How much did you have to streamline the language or even remove whole passages in the adaptation process?
We cut about half of the play, we just had to, because uncut the play runs almost four hours and so we just had to bring it down to proper movie scope. And with any adaption, “Hugo” just as much as “Coriolanus,” the question for me is always what is the organizing principle - how are you going to organize the choices you have to make about presenting the work? And with “Coriolanus,” it actually was the same choice, between “Coriolanus” and “Hugo,” which was focus on the central character, focus on the protagonist, because I think what cinema does very well is tell one person’s story - and especially a complicated story. Because we can look so closely into their eyes, and whether those eyes are Peter O’Toole’s playing Lawrence of Arabia or Jack Nicholson playing Jake Gittes or Ralph Fiennes playing Coriolanus, the complexity of those characters I think works very well in cinema. So with any adaptation I ever do, I sort of try to find the way into it, and the two examples this year were just about honing down to the central protagonist.

How much do you initiate these projects yourself, and how much do you undertake them via the collaboration with the filmmakers from the beginning?
It can be both. There are things that are sometimes projects brought to me, sometimes I bring projects to other people, sometimes I just go and write things. It can be anything; there is no one road to Damascus. There are many ways to get there.

What other stuff are you working on right now?
I'm writing a new play, which is taking up a lot of time and I'm working with Patti Smith on “Just Kids,” which we’re writing together. And then I'm in the process of setting up my next few years of movies, all of which I cannot tell you about.

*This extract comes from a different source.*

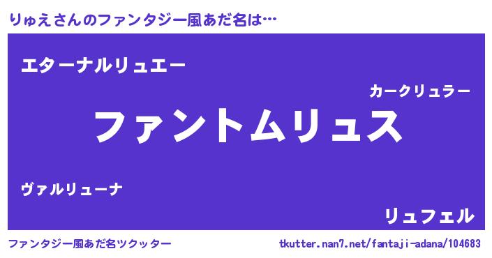 | 女子向けラノベタイトル風あだ名 | 『りゅえ様がみてる』『りゅえ伯爵の花嫁』 |

Gotcha. Is it easier to adapt something than to create it from whole cloth, or how are those two disciplines different from one another?
People I think assume that one must be more or less challenging than the other, and I've certainly not found it that way. Because I have such a respect for other writers and I truly believe in a brotherhood of writers, I approach something like Stephen Sondheim’s “Sweeney Todd” or Shakespeare’s “Coriolanus” or Brian Selznick’s “Hugo” with a great deal of respect for their work, and so I always feel a sense of responsibility to a brother writer, which I don’t feel when I'm writing something original. When I'm writing something original I feel only responsibility to myself, and there is a certain amount of freedom and liberation to that. But at the end of the day it’s interesting; as I say, I wake up every morning to the same thing, which is just write lines for actors, and whether it’s an original or an adaptation, it’s all kind of the same job for me.

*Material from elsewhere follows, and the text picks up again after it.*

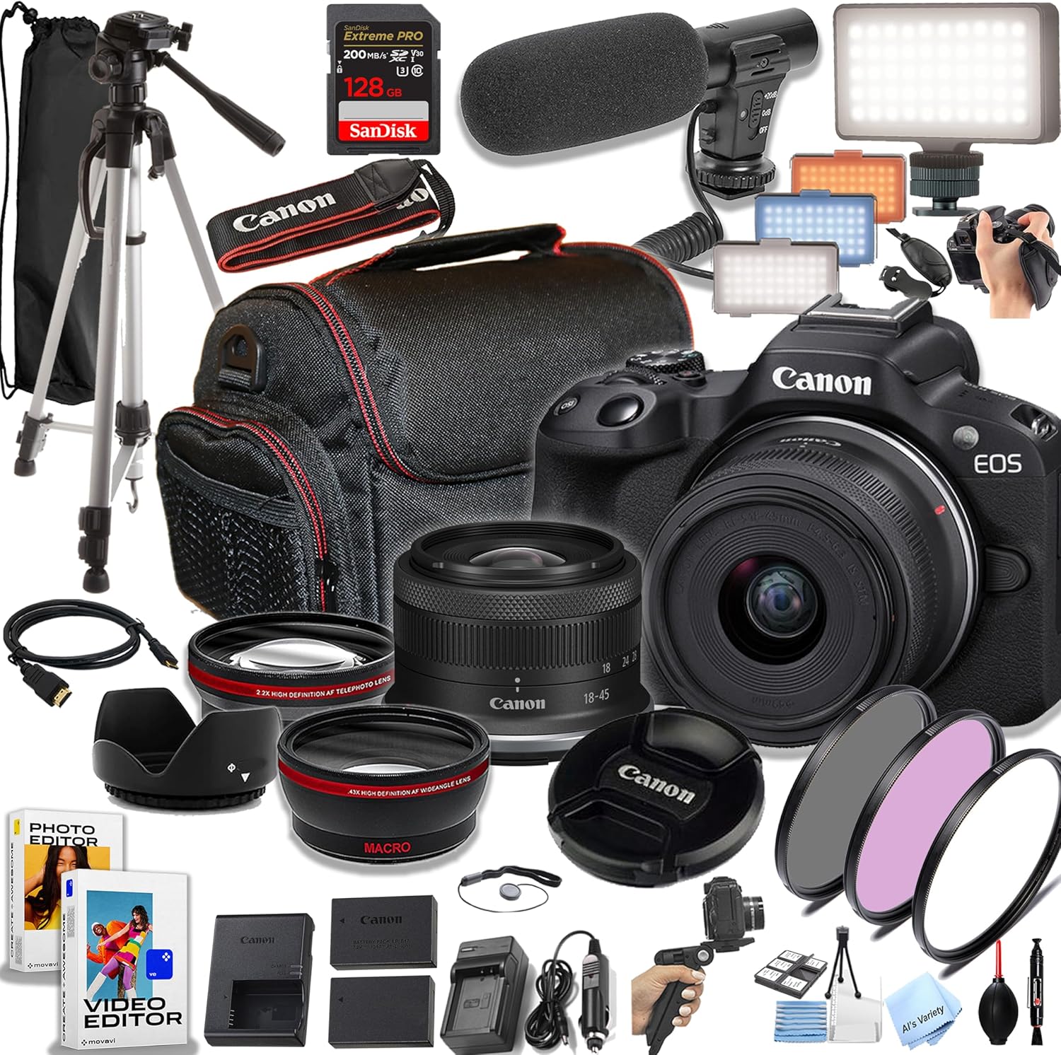- Additional Items: LED Video Light, Shot Gun Video Microphone, Tripod, Filters, Editing Software, etc.

How often do you conceive ideas with a specific filmmaker in mind?
All the time, almost all the time, because directors excite me so much. And either directors I've worked with, directors I haven’t worked with and admire their work, it’s always exciting to think about working with a new vision.

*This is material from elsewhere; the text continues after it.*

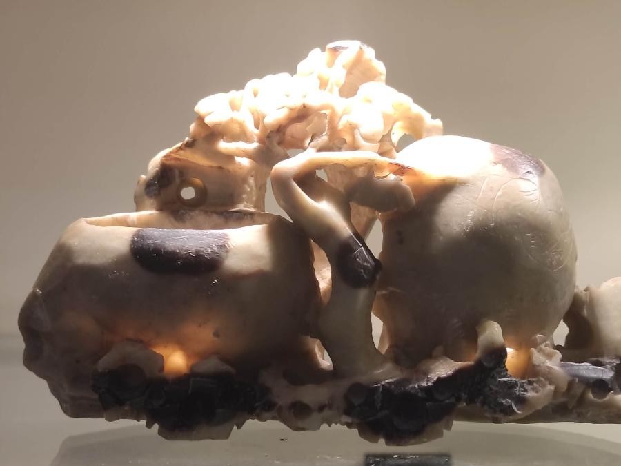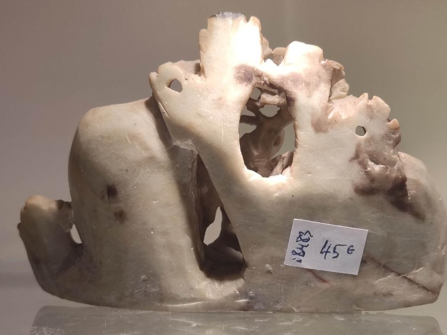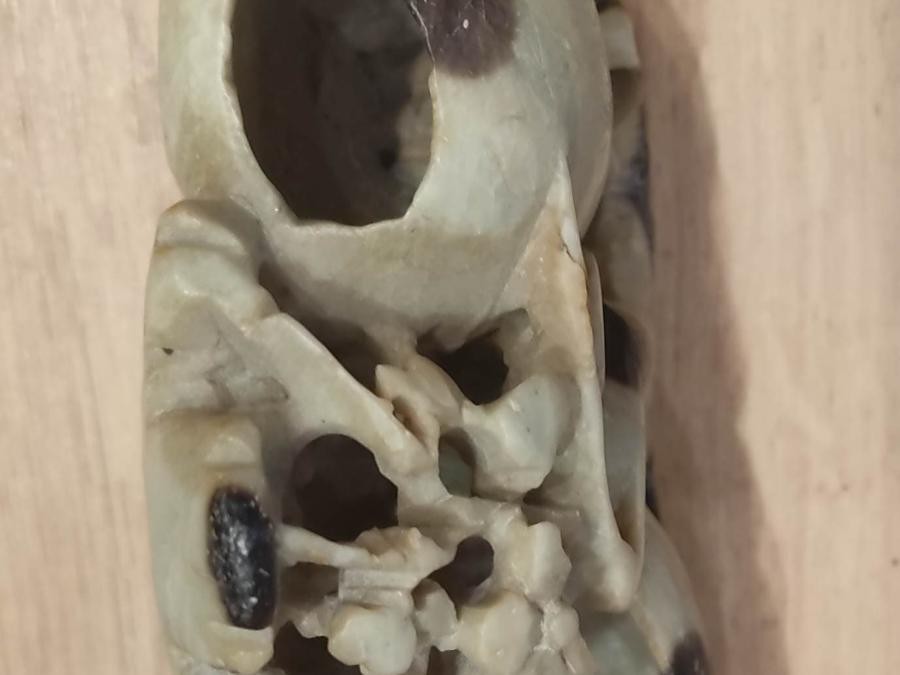 sculpture figurant un arbre en stéatite mouchettée, sculptée à la main (pierre de lard)

But how much as a screenwriter can you think about the way that something will be visually interpreted?
You can think about it entirely, I mean you have to; part of the job is telling a story and describing it. And I think there is no screenwriter I know who doesn’t visualize a complete, 360-degree world. How much of that you choose to put on the page just depends on the rhythm of how you want to tell the story, but you sort of have to live it; you sort of have to get in there and sort of muck around a bit in the world. Now whether the actual movie turns out to be anything like what you envisioned, that’s another question, but I think you have to sort of build that dream cathedral in your head to describe it, to make it seem real to the reader.

Are there any filmmakers who you would especially like to work with that you haven’t had the opportunity to yet?
Well, I certainly enjoyed working with Darren Aronofsky [on the forthcoming "Noah"]. I think he’s a genius. Stephen Daldry, I admire endlessly. Clint Eastwood is someone I've always wanted to work with. But there really are there are tons of great directors.